AI is a system with the ability to represent the world and abstract concepts at multiple levels. If we are to draw the architecture of such system, it will have the ability to quickly change depending on the domain and task at hand. Just like origami, AI systems will morph into a suitable architecture, facilitated by high speed interconnections between its subsystems. The controller that controls such changes must be topology aware i.e. knowing the functional decomposition of the AI system and what support for representations and abstractions each subsystem can offer. How these can be combined and ultimately used, is something that needs to be learned. To generalize, such morphic control agents must be able to perform across task domains.
AI distributed system comprising a number of high-speed interconnected subsystems that are loosely coupled and communicate via a universal language. Line thickness indicates stronger coupling / dependencies between subsystems for the task at hand at this moment in time.

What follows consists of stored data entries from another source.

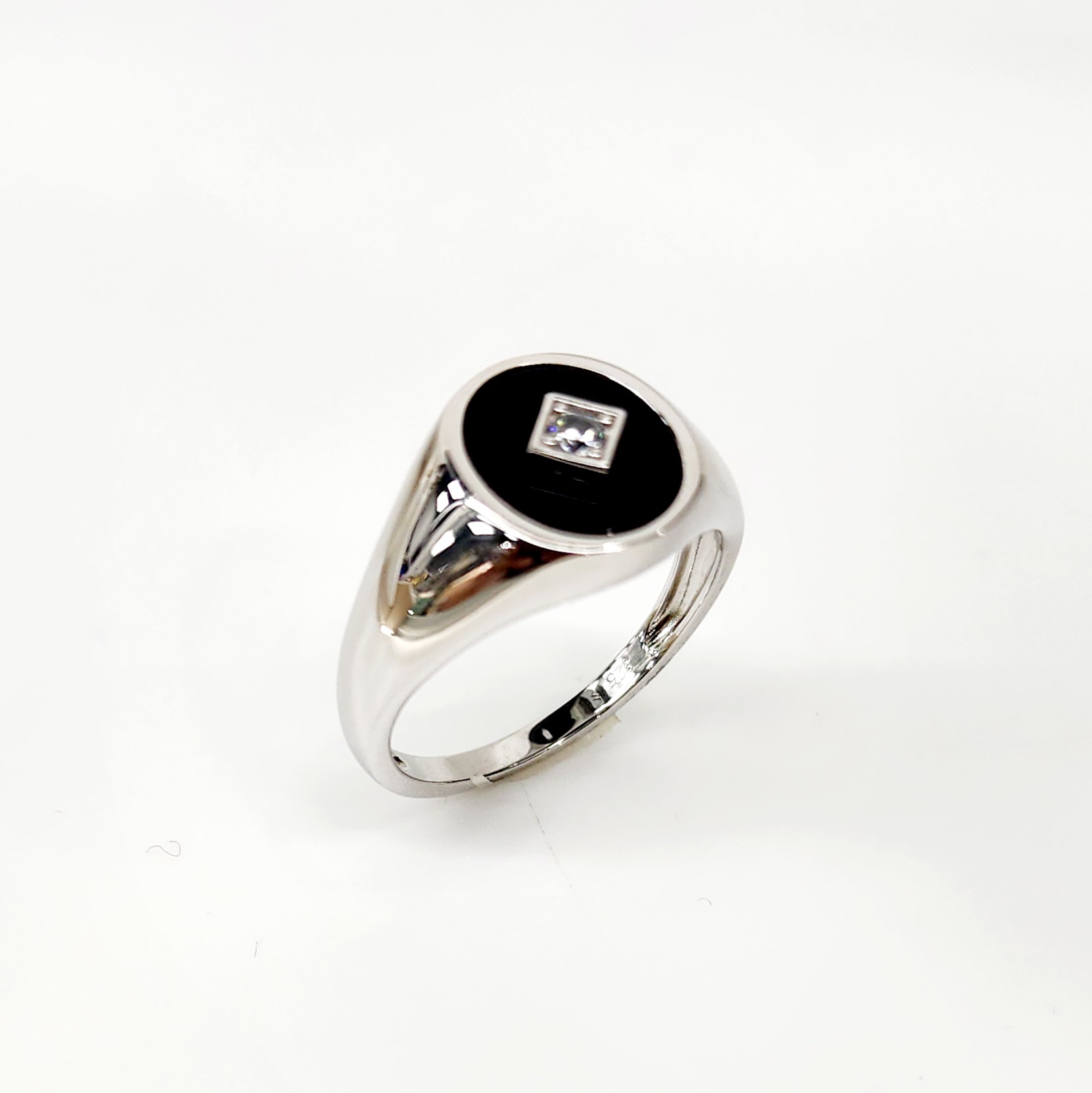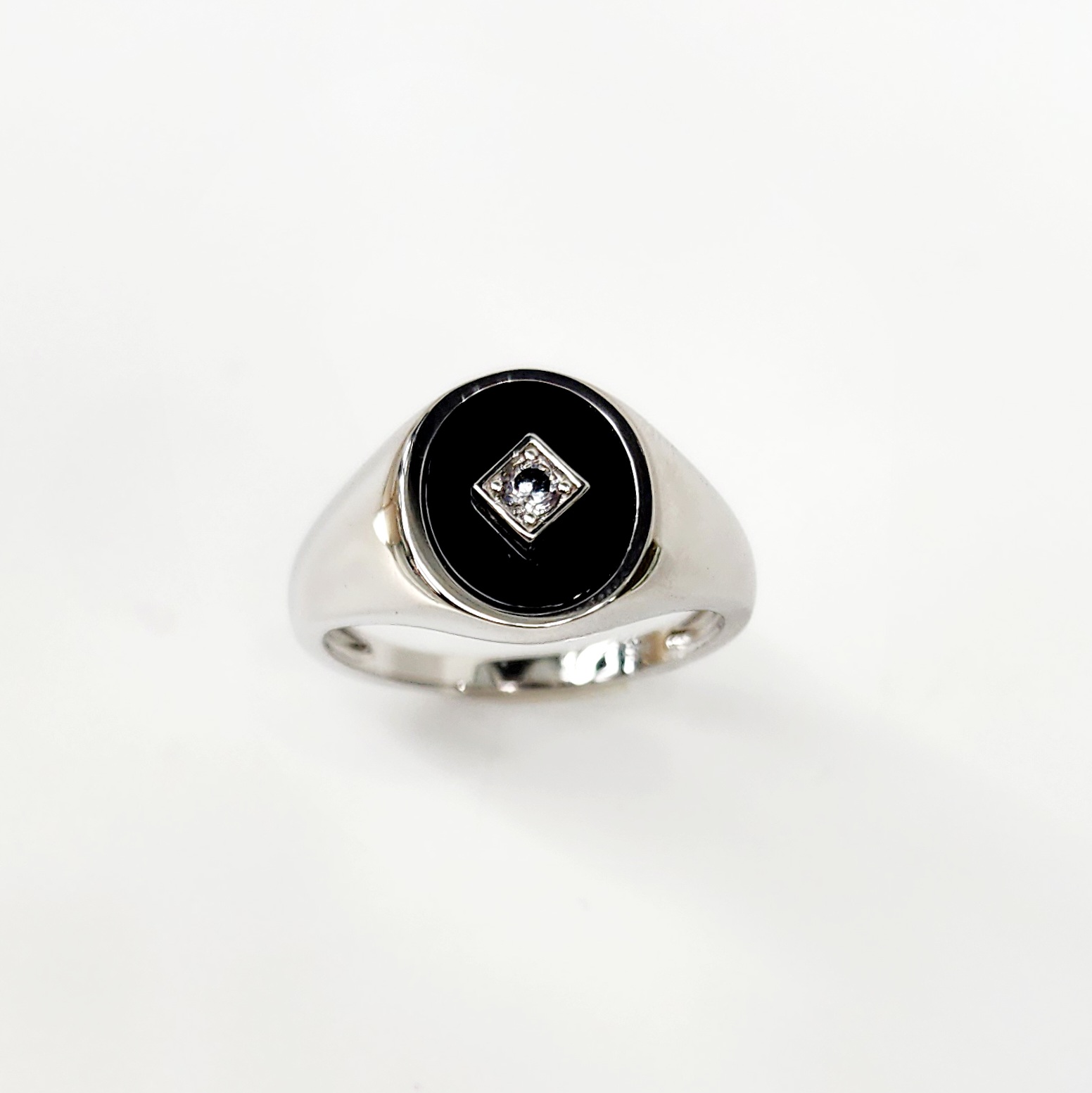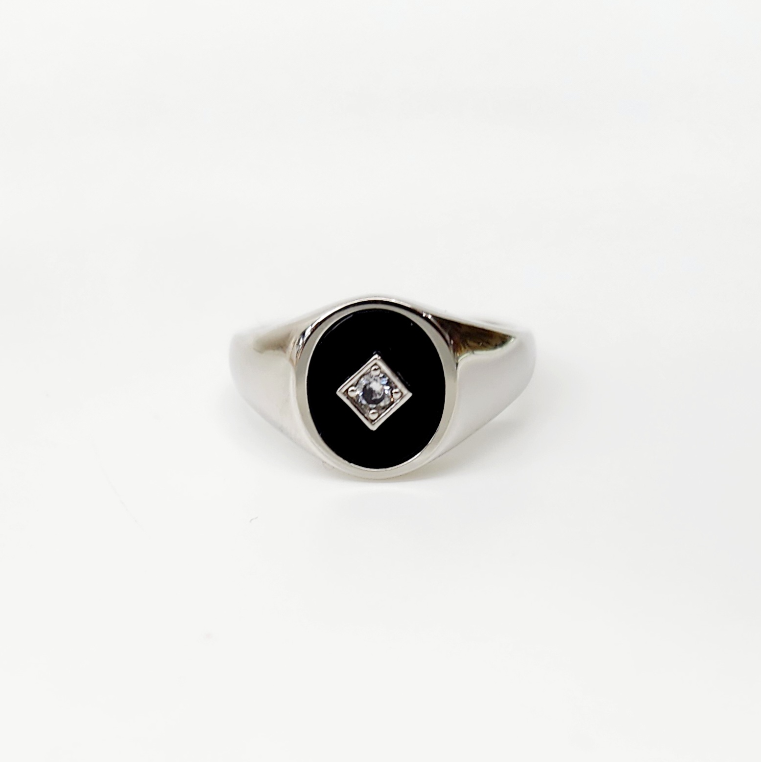 This standout ring features a oval shape natural Onyx gemstone in .925 sterling silver with CZ setting.
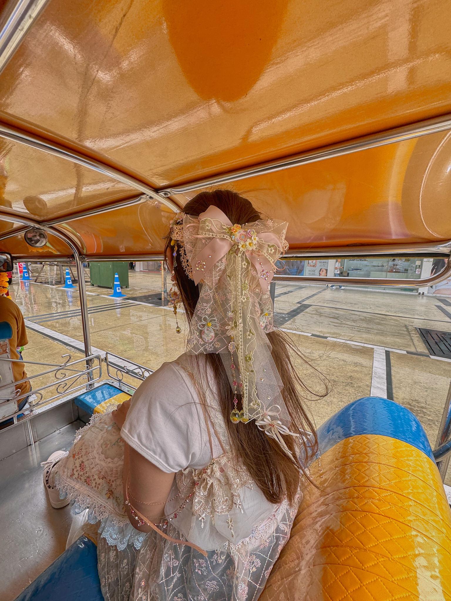 這款蝴蝶結髮夾套裝由兩個部分組成:一個幻彩蕾絲蝴蝶結和一個緞帶小蝴蝶結。吊墜繪上古城的花磚圖案,細節滿滿。兩個部分均可獨立使用,靈活性極高。無論是日常裝扮還是特殊場合都能輕鬆搭配,為您的造型增添一抹甜美。
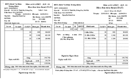 In hoá đơn GTGT theo mẫu quy định chuẩn các mức điện chi tiết cho khách hàng (Công ty chúng tôi có thể chỉnh sửa mẫu in cho phù hợp vỡi phôi in của quý khách)

In a limited demonstration of such ability, closed worlds such as games, we have agents that can process thousands of pixels and can create abstractions at the symbolic level. Are they able to generalize ? Doubtful. Which brings us to the very interesting thought. For the vast majority of mission critical industries, we may reach in this decade a good enough performance level. The internet didn’t have 1 Gbps at each household even 5 years ago. But the moment we crossed the 1 Mbps level per user, at the hands of innovators, it managed to change the world as we know it despite its many initial performance issues. The internet does not kill, many people will argue but if anyone believes this analogy, todays’ AI architecture, a bunch of service-oriented silos (APIs) offered by major technology firms, resembles the disconnected/siloed PC before the invention of HTTP and the internet era of the 90s. The protocol and controls that will allow such AI systems to communicate and by doing so demonstrate an ability to synthesize a non-trivial version of intelligence is one of the missing links.